What the task asks: The answer should hold only the lines from the one containing "Structural similarities among" through the one containing "Der Korpus der" in the entries below, copied exactly, without pictures.

Given data:
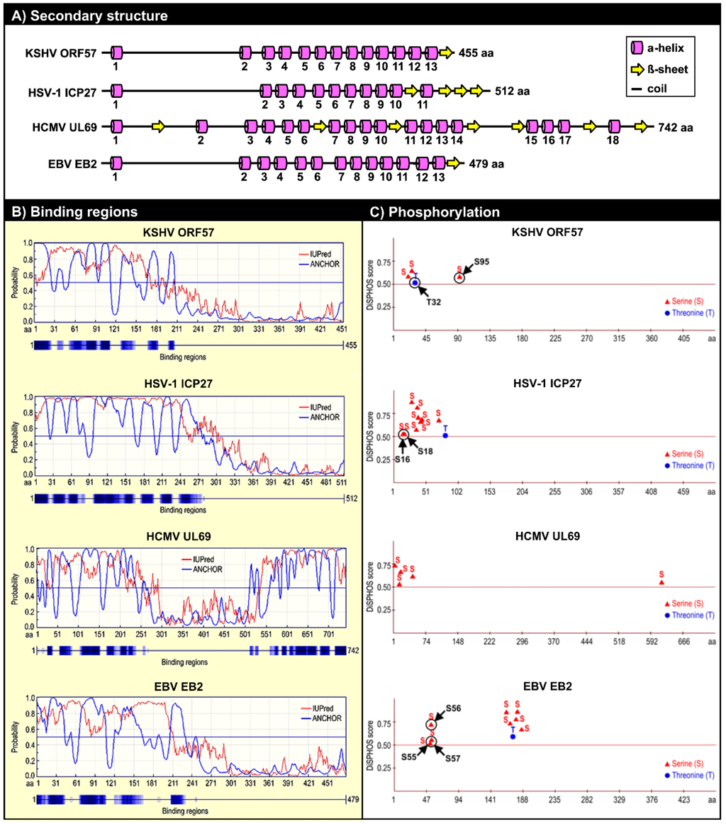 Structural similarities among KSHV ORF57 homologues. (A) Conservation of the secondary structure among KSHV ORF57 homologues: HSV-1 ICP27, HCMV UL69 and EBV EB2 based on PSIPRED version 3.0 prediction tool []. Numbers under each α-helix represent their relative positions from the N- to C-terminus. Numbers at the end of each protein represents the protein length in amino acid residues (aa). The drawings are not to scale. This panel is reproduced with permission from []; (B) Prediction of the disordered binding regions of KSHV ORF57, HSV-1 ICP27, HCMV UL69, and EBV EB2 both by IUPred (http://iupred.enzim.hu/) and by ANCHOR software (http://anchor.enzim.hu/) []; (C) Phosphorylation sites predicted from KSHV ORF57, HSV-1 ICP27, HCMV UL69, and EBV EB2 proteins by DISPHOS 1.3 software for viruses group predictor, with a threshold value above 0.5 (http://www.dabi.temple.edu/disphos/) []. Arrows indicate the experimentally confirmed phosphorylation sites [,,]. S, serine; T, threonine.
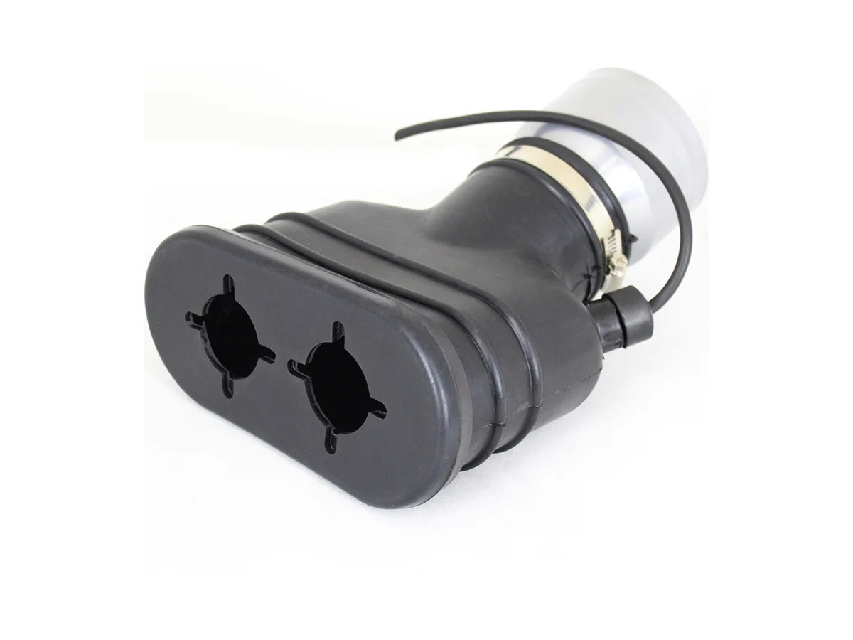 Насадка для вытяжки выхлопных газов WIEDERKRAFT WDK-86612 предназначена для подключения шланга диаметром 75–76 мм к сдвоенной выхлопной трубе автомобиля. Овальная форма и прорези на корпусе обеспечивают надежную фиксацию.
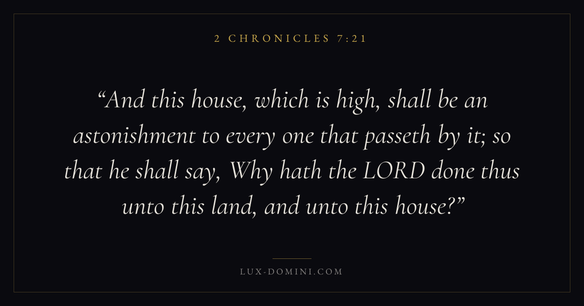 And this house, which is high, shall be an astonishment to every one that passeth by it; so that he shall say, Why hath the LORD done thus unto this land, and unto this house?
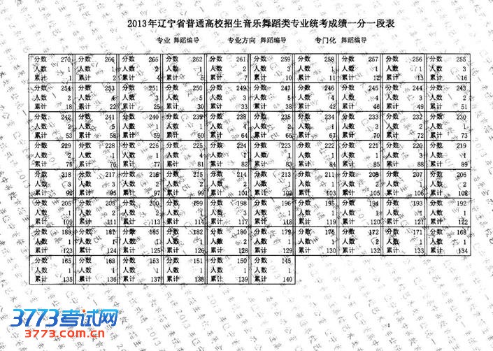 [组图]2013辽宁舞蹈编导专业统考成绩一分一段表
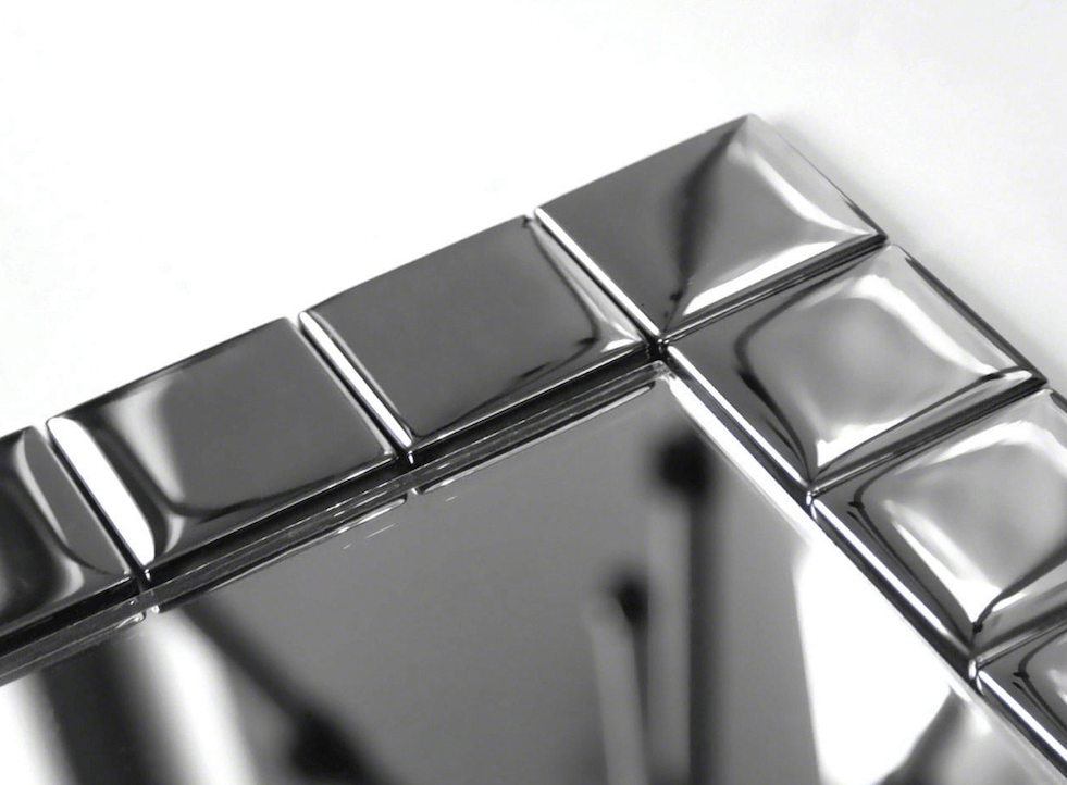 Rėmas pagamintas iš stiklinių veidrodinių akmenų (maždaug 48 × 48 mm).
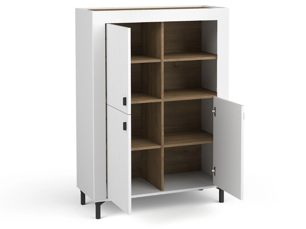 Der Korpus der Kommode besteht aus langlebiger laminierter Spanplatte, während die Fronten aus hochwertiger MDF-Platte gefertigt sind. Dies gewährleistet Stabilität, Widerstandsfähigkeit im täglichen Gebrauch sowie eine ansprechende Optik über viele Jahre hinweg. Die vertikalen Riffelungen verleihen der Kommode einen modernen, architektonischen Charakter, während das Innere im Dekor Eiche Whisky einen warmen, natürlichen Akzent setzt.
==
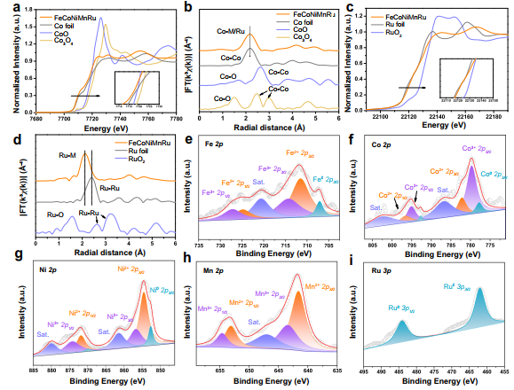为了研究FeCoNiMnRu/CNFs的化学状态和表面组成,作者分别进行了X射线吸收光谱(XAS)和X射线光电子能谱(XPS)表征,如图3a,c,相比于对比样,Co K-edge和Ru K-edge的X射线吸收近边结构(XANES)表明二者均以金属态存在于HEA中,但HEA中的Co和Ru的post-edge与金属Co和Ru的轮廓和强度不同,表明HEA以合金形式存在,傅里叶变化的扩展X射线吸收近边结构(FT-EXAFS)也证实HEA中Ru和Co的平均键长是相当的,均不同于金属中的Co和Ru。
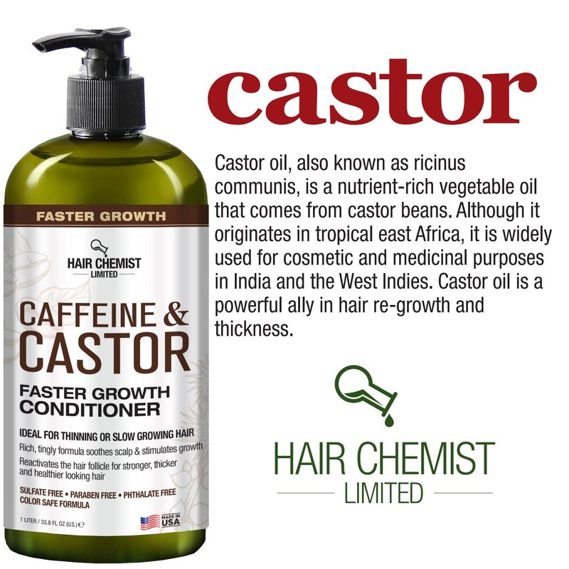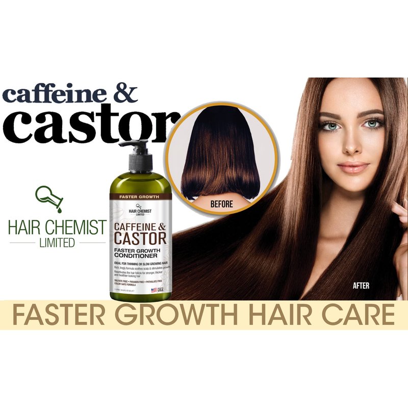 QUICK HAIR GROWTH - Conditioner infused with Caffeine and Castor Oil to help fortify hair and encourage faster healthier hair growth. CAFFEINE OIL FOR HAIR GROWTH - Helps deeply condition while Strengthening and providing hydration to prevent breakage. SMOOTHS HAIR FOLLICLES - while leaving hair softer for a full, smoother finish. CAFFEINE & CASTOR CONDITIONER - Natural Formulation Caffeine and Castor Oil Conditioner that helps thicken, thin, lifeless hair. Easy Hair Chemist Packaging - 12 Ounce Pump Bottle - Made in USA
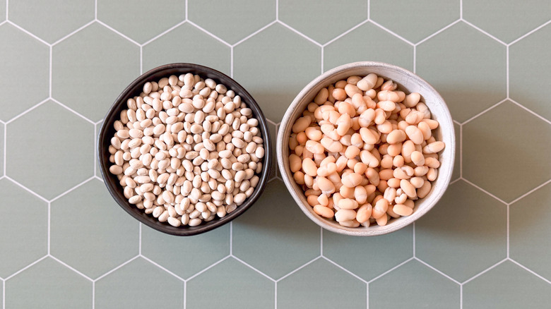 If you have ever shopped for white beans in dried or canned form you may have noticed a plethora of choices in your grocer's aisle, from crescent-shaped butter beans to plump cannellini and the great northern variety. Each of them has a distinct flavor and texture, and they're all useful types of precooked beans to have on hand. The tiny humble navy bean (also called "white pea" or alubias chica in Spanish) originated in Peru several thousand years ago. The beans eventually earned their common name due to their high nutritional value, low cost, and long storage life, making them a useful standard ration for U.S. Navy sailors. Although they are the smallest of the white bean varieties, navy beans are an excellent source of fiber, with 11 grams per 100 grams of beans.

Completed task:
 Structural similarities among KSHV ORF57 homologues. (A) Conservation of the secondary structure among KSHV ORF57 homologues: HSV-1 ICP27, HCMV UL69 and EBV EB2 based on PSIPRED version 3.0 prediction tool []. Numbers under each α-helix represent their relative positions from the N- to C-terminus. Numbers at the end of each protein represents the protein length in amino acid residues (aa). The drawings are not to scale. This panel is reproduced with permission from []; (B) Prediction of the disordered binding regions of KSHV ORF57, HSV-1 ICP27, HCMV UL69, and EBV EB2 both by IUPred (http://iupred.enzim.hu/) and by ANCHOR software (http://anchor.enzim.hu/) []; (C) Phosphorylation sites predicted from KSHV ORF57, HSV-1 ICP27, HCMV UL69, and EBV EB2 proteins by DISPHOS 1.3 software for viruses group predictor, with a threshold value above 0.5 (http://www.dabi.temple.edu/disphos/) []. Arrows indicate the experimentally confirmed phosphorylation sites [,,]. S, serine; T, threonine.
 Насадка для вытяжки выхлопных газов WIEDERKRAFT WDK-86612 предназначена для подключения шланга диаметром 75–76 мм к сдвоенной выхлопной трубе автомобиля. Овальная форма и прорези на корпусе обеспечивают надежную фиксацию.
 And this house, which is high, shall be an astonishment to every one that passeth by it; so that he shall say, Why hath the LORD done thus unto this land, and unto this house?
 [组图]2013辽宁舞蹈编导专业统考成绩一分一段表
 Rėmas pagamintas iš stiklinių veidrodinių akmenų (maždaug 48 × 48 mm).
 Der Korpus der Kommode besteht aus langlebiger laminierter Spanplatte, während die Fronten aus hochwertiger MDF-Platte gefertigt sind. Dies gewährleistet Stabilität, Widerstandsfähigkeit im täglichen Gebrauch sowie eine ansprechende Optik über viele Jahre hinweg. Die vertikalen Riffelungen verleihen der Kommode einen modernen, architektonischen Charakter, während das Innere im Dekor Eiche Whisky einen warmen, natürlichen Akzent setzt.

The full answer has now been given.